STORED DATA:

::::

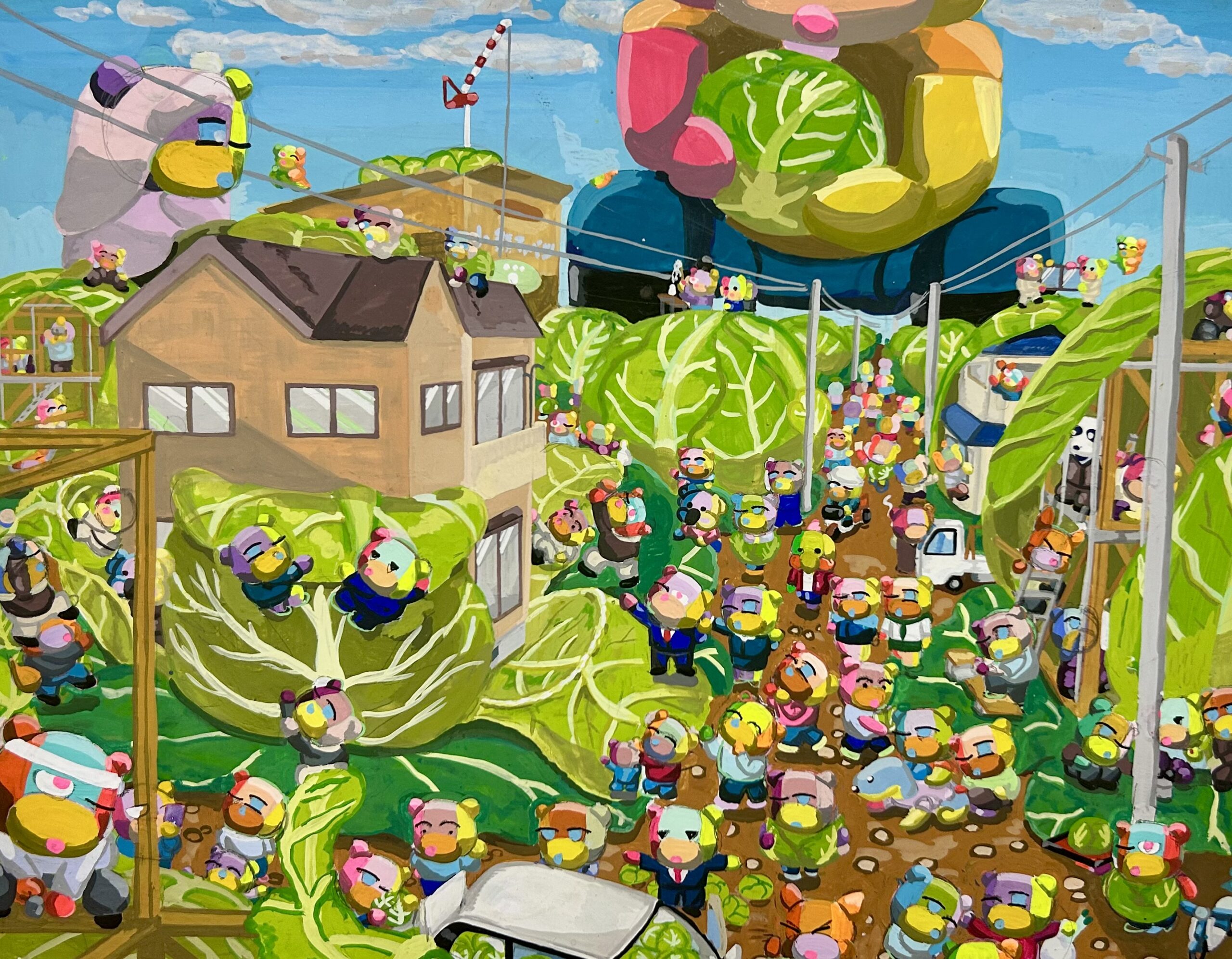 キャベツの葉を一枚剥くと新築住宅が現れ、施主一家に引き渡されています。
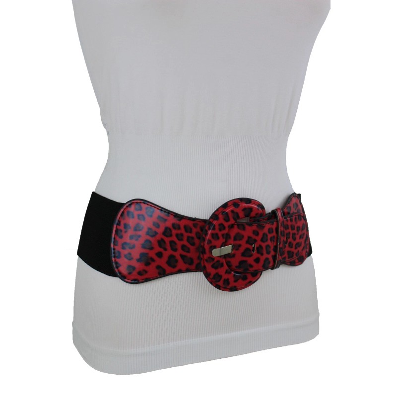 Alwaystyle4you Women Wide Red Corset Elastic Waistband Belt Leopard Animal Print Size M L XL
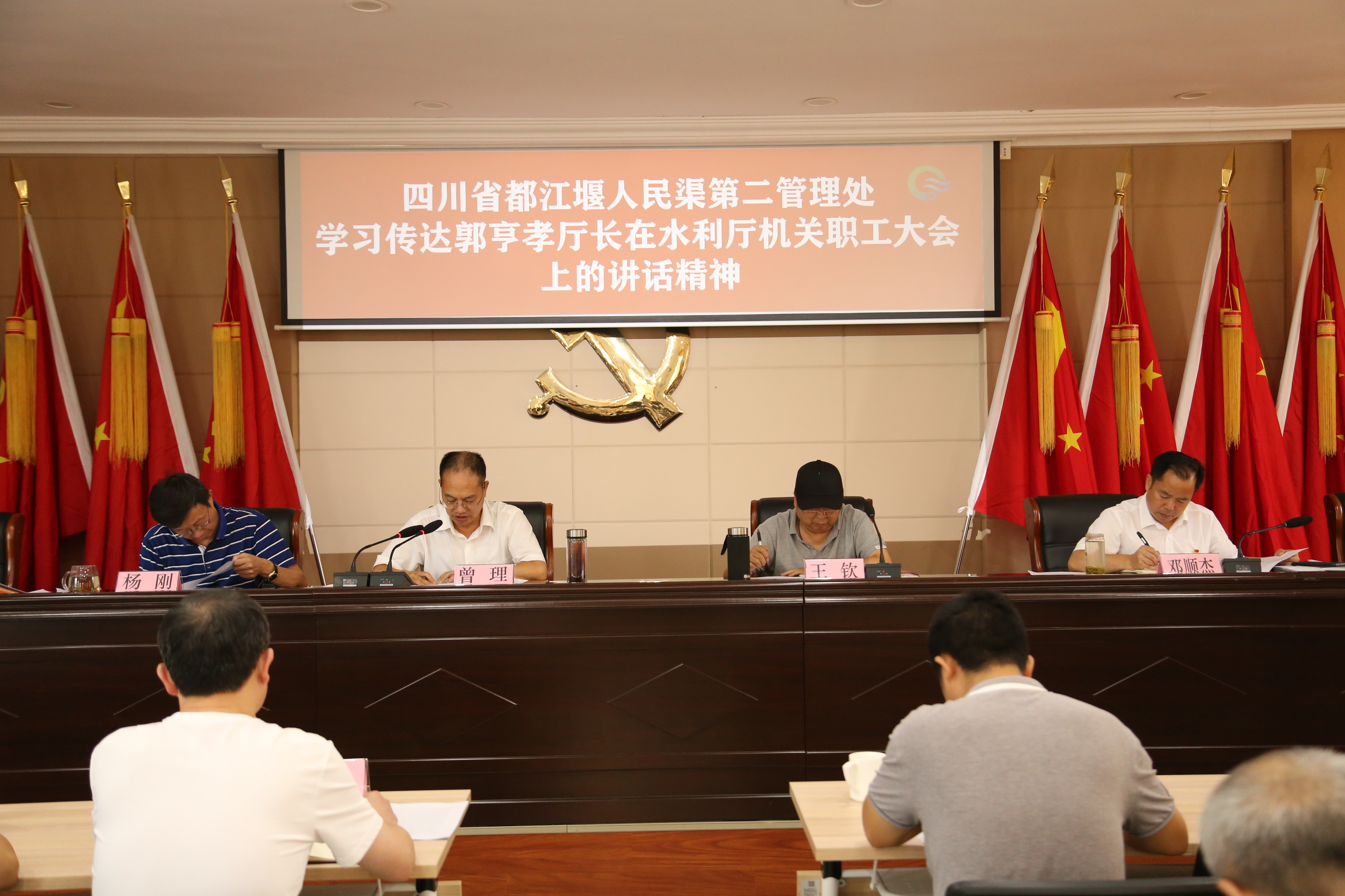 2021年7月20日,人民渠二处组织召开专题学习会,贯彻落实郭亨孝厅长在水利厅机关职工大会上的讲话精神,在家处领导、机关科室负责人、基层站负责人及相关人员参加会议。党委书记、处长曾理主持会议并讲话。

::::

TASK DETAILS: The answer must be the full listing above, copied exactly, with no pictures in it.

ANSWER BOX:
 キャベツの葉を一枚剥くと新築住宅が現れ、施主一家に引き渡されています。
 Alwaystyle4you Women Wide Red Corset Elastic Waistband Belt Leopard Animal Print Size M L XL
 2021年7月20日,人民渠二处组织召开专题学习会,贯彻落实郭亨孝厅长在水利厅机关职工大会上的讲话精神,在家处领导、机关科室负责人、基层站负责人及相关人员参加会议。党委书记、处长曾理主持会议并讲话。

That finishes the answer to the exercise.